A During this time, the Aam Aadmi Party emerged as a new political force in the metropolis, winning 28 of the 70 assembly seats in the 2013 elections, ending the Congress' 15-year rule. Despite claims of the mythologised BJP wave across the country, the party's vote percentage was 46.40%, less than the combined vote share of the Congress and the AAP. Both opposition parties, realising the need for an alliance, initiated talks on several occasions. For the 2019 Lok Sabha elections, AAP chief Arvind Kejriwal expressed his party's interest in forming an alliance with the Congress for 33 seats in Punjab, Haryana, Goa, and Delhi.
According to Kejriwal, the Congress had refused to form an alliance with the AAP in Punjab and Goa. AAP claimed that everything was planned, but Congress leaders stopped responding to their calls a day before they were scheduled to hold a joint press conference to announce the alliance.
The two parties then fielded their candidates for all Delhi, Punjab, Goa and Haryana seats.
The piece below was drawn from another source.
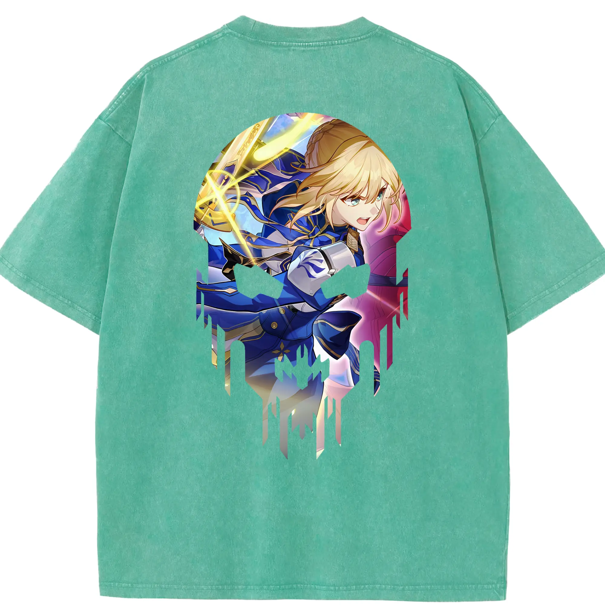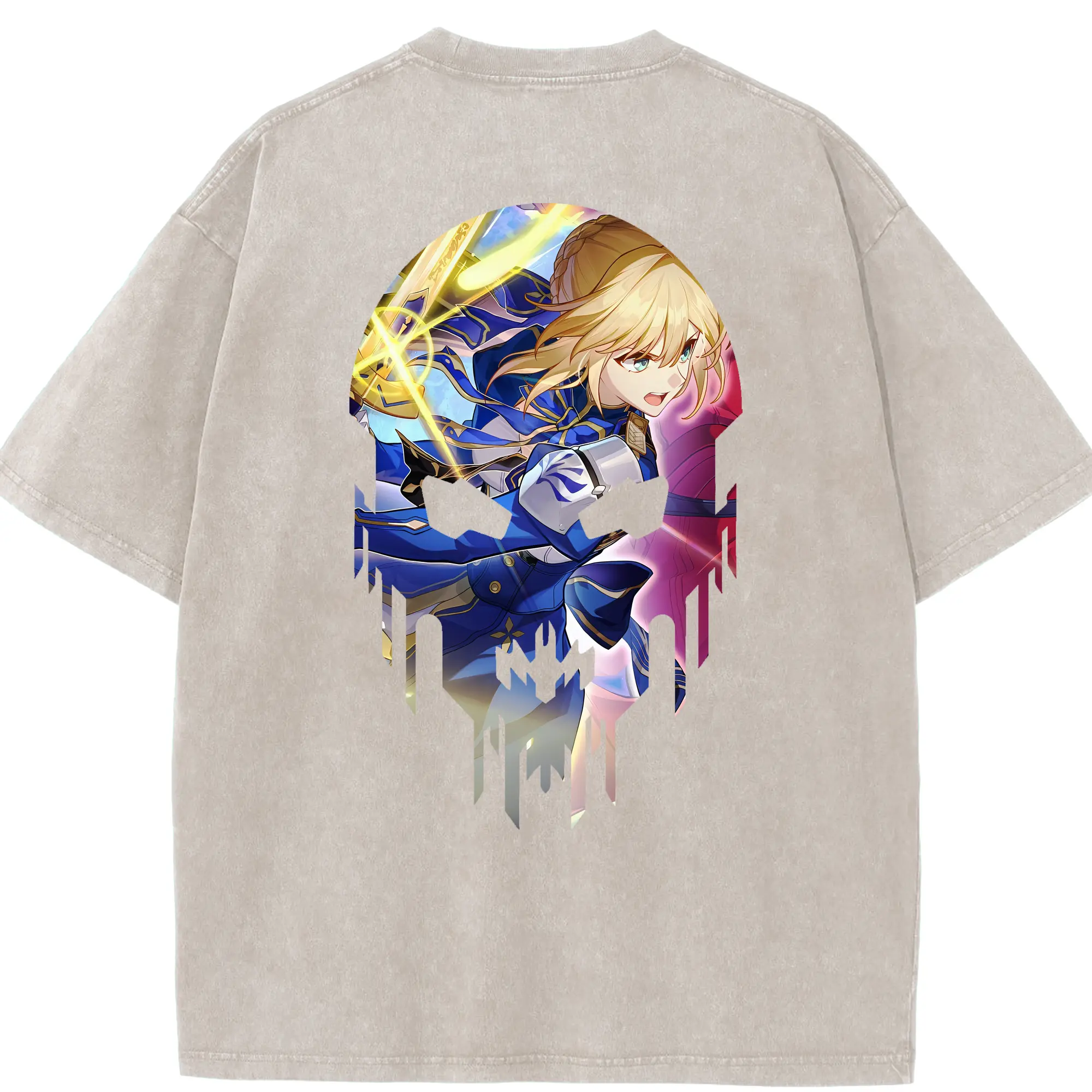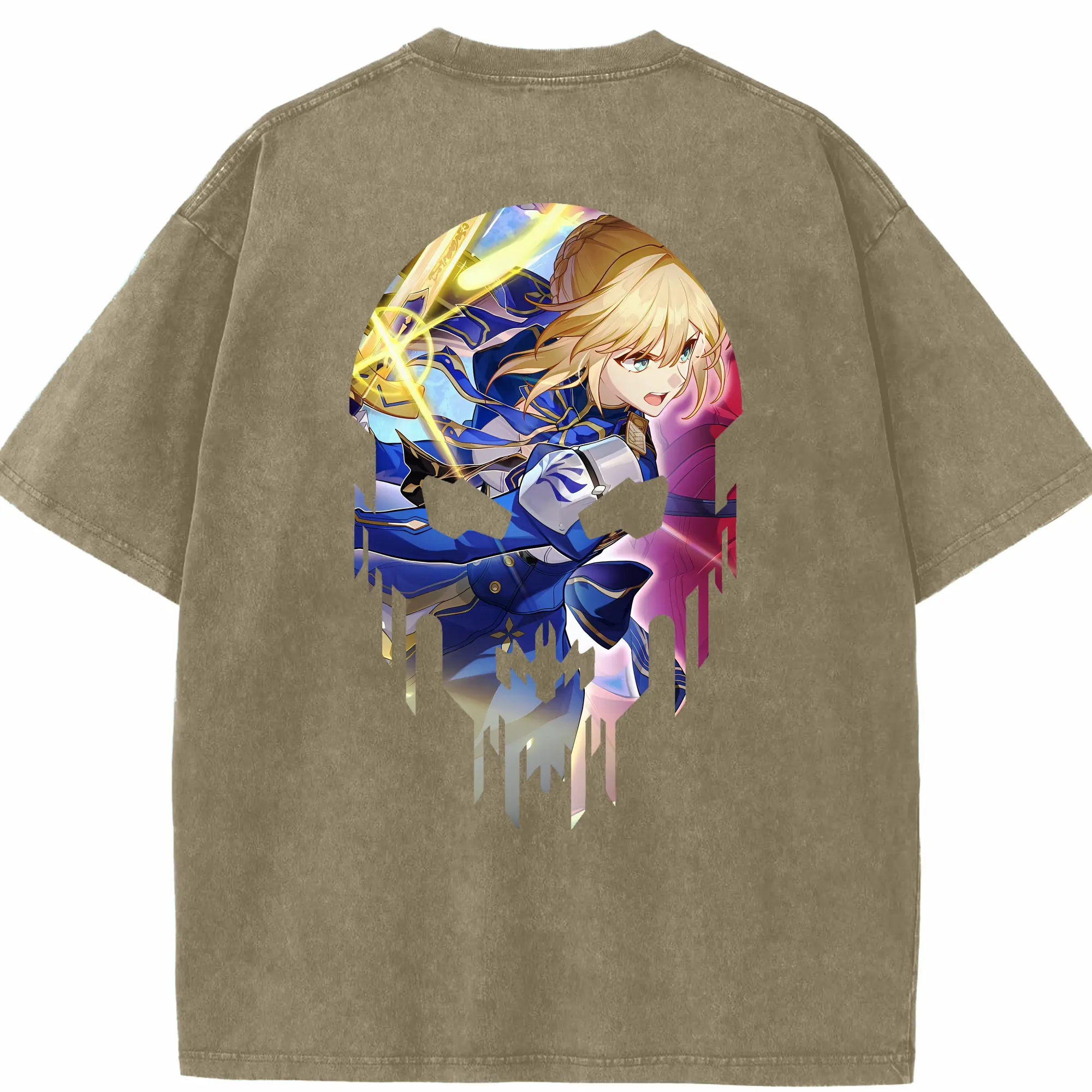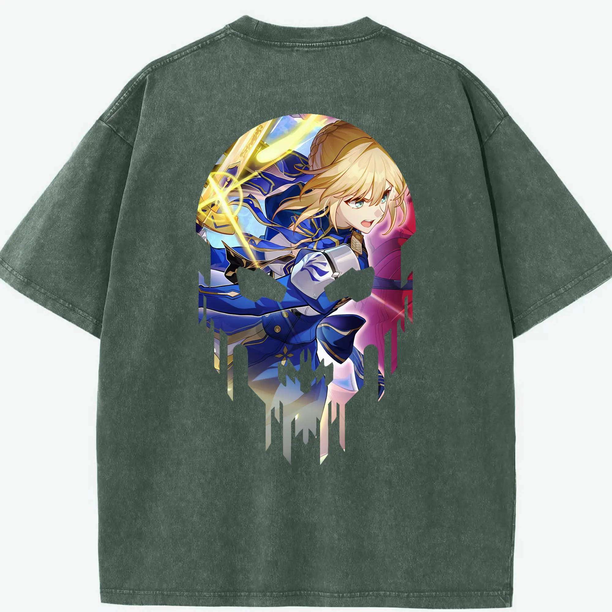 FGO グッズ,アルトリア - 綿100% ヴィンテージ風 半袖Tシャツ ・ フロントプリント ・ 柔らか肌触り ・ 通気性 快適 ・ スポーツ カジュアル 外出用

However, they failed to win even a single seat in Delhi, the BJP sweeping all seven seats by a 56.86% vote share. The Congress and the AAP, got 22.51% and 18.11% votes, respectively. The saffron party gained 10.46% of the votes, and Congress also gained 7.41% of the votes compared to the 2014 general elections. Meanwhile, the AAP lost 14.79% of the vote share.